## GIVEN INFORMATION
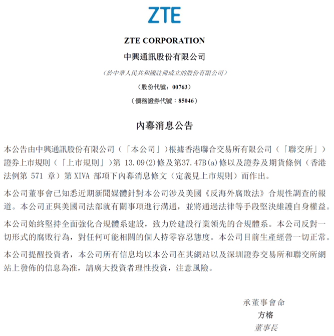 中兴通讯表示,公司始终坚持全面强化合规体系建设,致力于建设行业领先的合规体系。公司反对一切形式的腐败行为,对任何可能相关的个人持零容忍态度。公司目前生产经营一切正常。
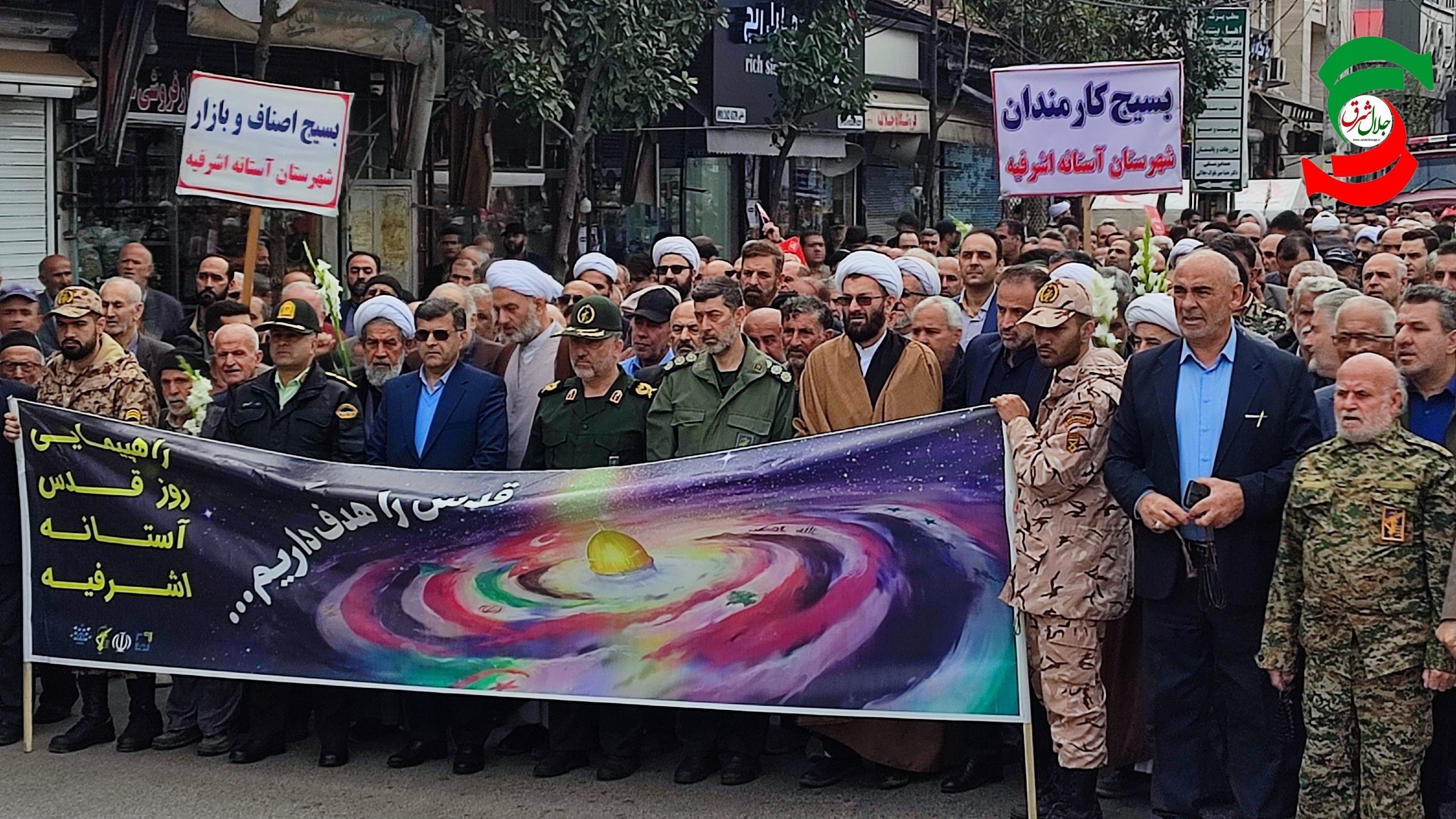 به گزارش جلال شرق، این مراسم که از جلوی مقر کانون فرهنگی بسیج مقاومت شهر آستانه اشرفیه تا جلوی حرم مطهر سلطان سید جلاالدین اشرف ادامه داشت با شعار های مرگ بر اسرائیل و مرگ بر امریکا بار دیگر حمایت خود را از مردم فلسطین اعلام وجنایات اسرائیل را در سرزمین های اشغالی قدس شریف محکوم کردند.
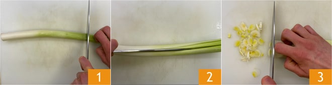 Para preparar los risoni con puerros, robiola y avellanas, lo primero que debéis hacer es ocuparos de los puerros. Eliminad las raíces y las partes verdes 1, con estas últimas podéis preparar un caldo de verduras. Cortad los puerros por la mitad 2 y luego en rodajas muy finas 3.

## EXERCISE INSTRUCTIONS
Output nothing but an exact retyping of the material, pictures excluded.

## TASK OUTPUT
 中兴通讯表示,公司始终坚持全面强化合规体系建设,致力于建设行业领先的合规体系。公司反对一切形式的腐败行为,对任何可能相关的个人持零容忍态度。公司目前生产经营一切正常。
 به گزارش جلال شرق، این مراسم که از جلوی مقر کانون فرهنگی بسیج مقاومت شهر آستانه اشرفیه تا جلوی حرم مطهر سلطان سید جلاالدین اشرف ادامه داشت با شعار های مرگ بر اسرائیل و مرگ بر امریکا بار دیگر حمایت خود را از مردم فلسطین اعلام وجنایات اسرائیل را در سرزمین های اشغالی قدس شریف محکوم کردند.
 Para preparar los risoni con puerros, robiola y avellanas, lo primero que debéis hacer es ocuparos de los puerros. Eliminad las raíces y las partes verdes 1, con estas últimas podéis preparar un caldo de verduras. Cortad los puerros por la mitad 2 y luego en rodajas muy finas 3.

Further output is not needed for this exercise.